Notes on Graphs and PageRank
The next chapter (chapter 11) of Algorithms for Dummies is all about web search which predictably means Google. We’re still in the graphs section of the book because you can think of the web as an interconnecting series of nodes and edges/arcs, just like social graphs. The nodes would be the web pages (or maybe web domains?) and the hyperlinks the arcs. I imagine the edges or connections would be far fewer than those found in social graphs due to the sheer number of web pages.
As I speculated in my last post on this book, the chapter goes over web search at a very high-level so I won’t be able to develop an algorithm to do web searching (and why would I? I have Google). Most of the book’s discussion centered on Google’s PageRank and on the theory of how to rank a page’s relevance to a query.
As usual, there is an algorithm or two that perform the same functions as PageRank.
Theory behind PageRank
In the early days, search engines used keywords used found throughout the web pages or in titles as a key determinant of whether a page will be relevant to a query, but unfortunately, the use of keywords can be easily scammed. Black hat SEOs – those working to figure out the rules and manipulate them – and others would use keyword stuffing or “invisible texts” (an invisible form of keyword stuffing) to fool search engines in showing their pages. PageRank was an effort to get around these web spams of word stuffing or invisible texts. PageRank utilizes hyperlinks to determine the quality of the page or the authority of the page. These links can be both incoming links and outgoing links. The keyword texts are still a prerequisite but are an insufficient determinant on quality of the web page.
I imagine, although the book doesn’t really say it, the quality of the incoming link is important. You wouldn’t want spammers or poor-quality sites linking to your page to increase their own number of links.
I think the authors provided Python programs that mimic what Google was initially doing in PageRank; the Google program today is much more sophisticated. From the programs provided, it looks like the first part of the program is to “initialize” the ranking by setting up a table depicting the number of nodes or websites across the column and the outgoing connections down the rows. So, if a website makes only two outgoing connections, then two rows representative of the other nodes (websites) will have some kind of numerical ranking. This initial table looks to be basically a table of the probability of a user to use the outgoing links. For 2 connections, then it’s 50/50; for 3 connections, its .3333/.3333/.3333; for 4 connections .25/.25/.25/.25. The authors call this table the transition matrix.

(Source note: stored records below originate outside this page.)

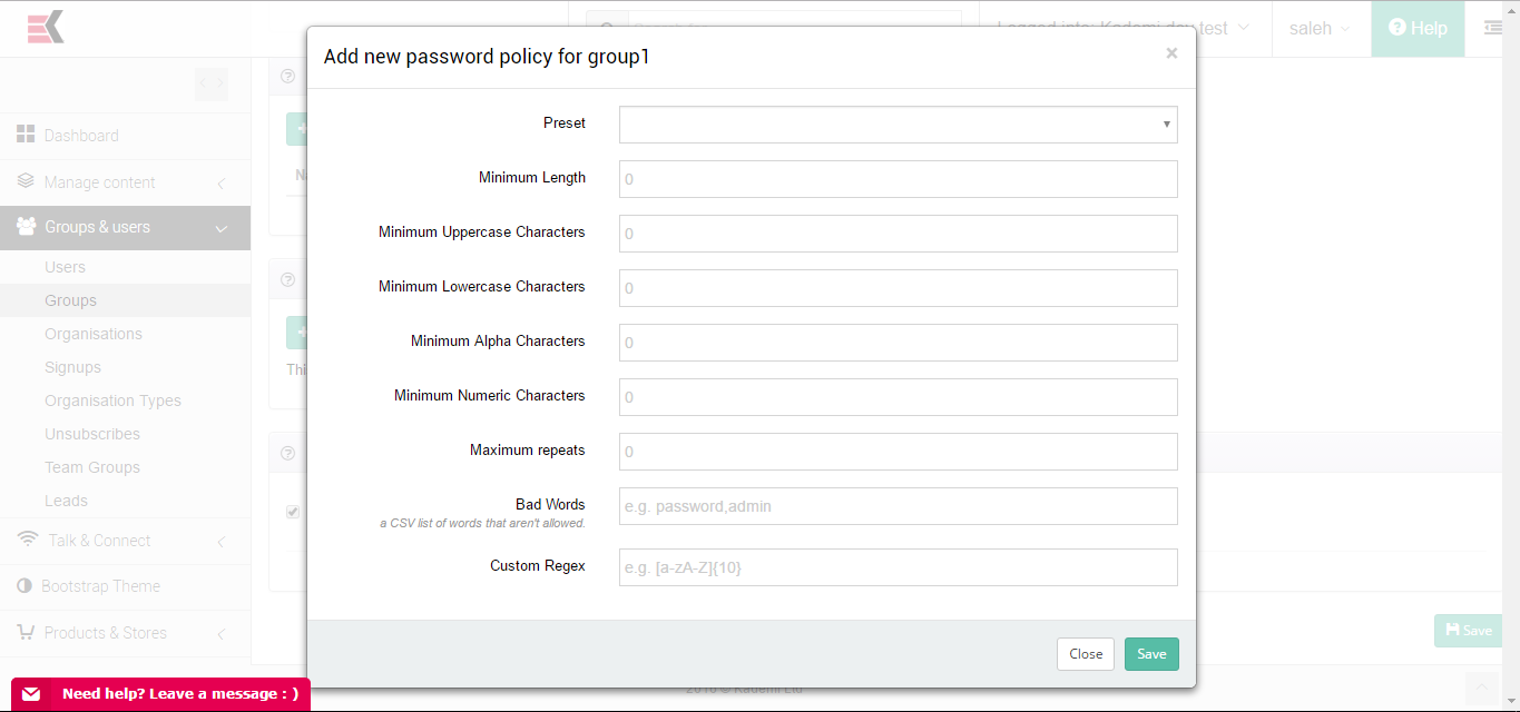 - Bad words - bad or restricted words whcih shouldn't be used in a password (e.g. like on screenshot)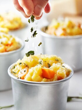 4. Häll potatisblandningen i formarna och strö på parmesanost, salt och svartpeppar.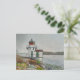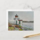 El faro de Squirrel Point se encuentra en las orillas del río Kennebec en Maine en un día oscuro y brumoso. La orilla opuesta cerca de Phippsburg está envuelta en niebla. El liquen crece en el techo de la casa de la campana y en las rocas en primer plano. La hierba nueva de primavera brota alrededor de los arbustos todavía desnudos después del largo invierno. El sargazo golpea contra la orilla rocosa mostrando lo cerca que está el faro del agua.
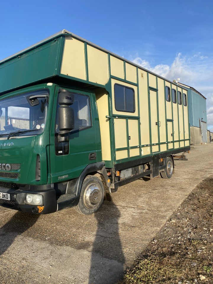 Smart, reliable horsebox.Iveco 2001 CRG.75.E.15Reliable and starts first time. Easy to drive, cruises well on main roadsThree seats in cab, two additional seatbelts in living areaSmart day living, newly fitted two years ago, spacious, practical, clean and dryWood effect, lino floor in living - easy to maintainPlenty of hooks and hanging spaceStorage under seats in living areaNew, custom made seat cushionsLarge tableClean, tidy cabMechanically in very good shape, MOT until end of SeptemberBrand new sides and total refit and respray a couple of years ago Water tank and pump, external water tap and hose.External fill water tankLeisure battery with charger, and isolatorMain battery isolatorNo limiter on speedWell lit living and horse areaBright loading lightNew rubber mats and rubber ramp coveringExternal tack locker (not into horse area) and additional locker underneathTilt cabStalled for four, herringbone. Easily takes big horsesHas carried 5 small ponies with easePayload approx 1.8t, weighed with full tank of fuel and waterIt has taken us around the countryside, to competitions, pony club, cross country rides etc. 189595km on clock (this may change as it is still in use)Please What's App for more information and photos.Can be viewed near Basingstoke / Newbury. £10,000 ONO

This first part of the program also provides an initial PageRanking in a form of a vector and it is basically a simple probability of a user visiting a website. If there are 5 websites in a particular set of datasets, then the probability would be 1/5 for each website. This is just an initial assignment.
Here’s an example that was provided in the book so you can see better what I’m trying to say:
Using the dot product matrix multiplication (one of those mathematical matrix operations) on the transition matrix and the PageRank vector, one can calculate a new PageRank. The program proceeds to do this iteratively, using the transition matrix and each successive new PageRank vector estimates, until the estimates start to stabilize. The example Python shown in the book used 50 iterations.
There is an additional feature in the PageRank computations called teleporting where the user randomly jumps to another network (algorithmically) just to simulate users getting bored and jumping elsewhere. The reason for this twist stems from the action of spammers who create deadends (or rank sinks) that represents a capture with no way out of the network or spider traps (cycles) where you just cycle round and round the same are of the networks. The fix is an introduction of an alpha value that represents the probability that the user will continue the journey or teleport out to another network. It sounds like an additional simulation of random behavior. The suggested alpha value was said to be .8 to .9.
Other Uses of PageRank
There are other uses for PageRank; it looks like a lot of them in the scientific and computer fields. But the algorithm can be used for fraud detection or to provide product recommendations. Of course, the algorithm has to be altered to suit the needs.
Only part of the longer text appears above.